Alexander-Barth / NCDatasets.jl

Load and create NetCDF files in Julia
MIT License
146 stars 31 forks source link

use _Unsigned attribute #133

Open visr opened 3 years ago

visr commented 3 years ago

I read this StackOverflow question: https://stackoverflow.com/q/68135528, and through it I found out that there are apparently netCDFs out there with variables of type short, but if they have an attribute _Unsigned with value "true", then this data is supposed to be interpreted as unsigned short (which netCDF-4 also supports). I read some background in https://github.com/Unidata/netcdf4-python/issues/656 and it seems this is a bit of a heritage from netCDF-3.

Since readers in other languages seem to support this, I guess perhaps we should too?

EDIT: see also my SO answer for an example file with some code.

Alexander-Barth commented 3 years ago

Thanks @visr , for helping the user on SO! The _Unsigned attribute does not seem to be part of the CF convention.

Many links to the NetCDF best practise are broken, but I found it here:

  1. To be completely safe with unknown readers, widen the data type, or use floating point.
  2. You can use the corresponding signed types to store unsigned data only if all client programs know how to interpret this correctly.
  3. A new proposed convention is to create a variable attribute _Unsigned = "true" to indicate that integer data should be treated as unsigned.

I think that point 2 is also interesting.

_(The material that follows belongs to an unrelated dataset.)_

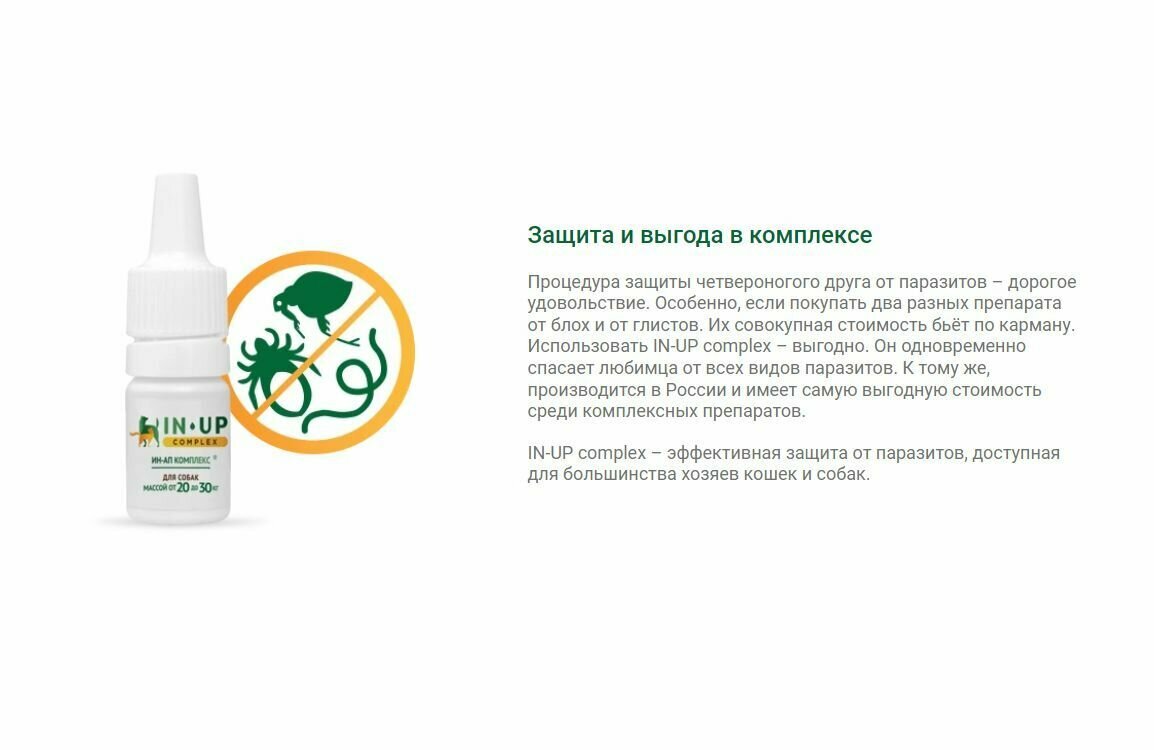 Капли ИН-АП комплекс для собак от 30 до 50 кг – лечебно-профилактическое антипаразитарное средство, обладающее комплексным действием против личиночных и половозрелых фаз развития эктопаразитов (блох, иксодовых клещей, вшей, власоедов) и эндопаразитов (круглых и ленточных глистов), паразитирующих у собак. ИН-АП комплекс выпускается в форме раствора для наружного применения. Рекомендуется регулярно проводить дегельминтизацию собаки.

It could be read as that such files (using the corresponding signed types to store unsigned data) should not be used for public distribution were you do not control the client program.

Does somebody know if the work on the "new proposed convention" is still on-going? It also seems that this is specific to files written by old version of NetCDF-Java. Does somebody know since which version of NetCDF-Java use native unsigned types?

visr commented 3 years ago

Indeed this is not a CF convention, only an old "proposed convention", which in practise still seems to be used (the example is new data), even though it shouldn't be. It seems like NetCDF-Java has had unsigned capabilities for a while, it's just users not taking advantage of this when updating their old data model.

The most commonly used clients seem to have implemented support for this. In a way it's quite unfortunate, since it leads to potentially misinterpreted data like in the SO post. I'm not sure how difficult it would be to add support for _Unsigned, potentially we can use reinterpret like in my SO answer, and avoid copying the data. If we decide to not support it, then perhaps we should throw an error when we encounter it.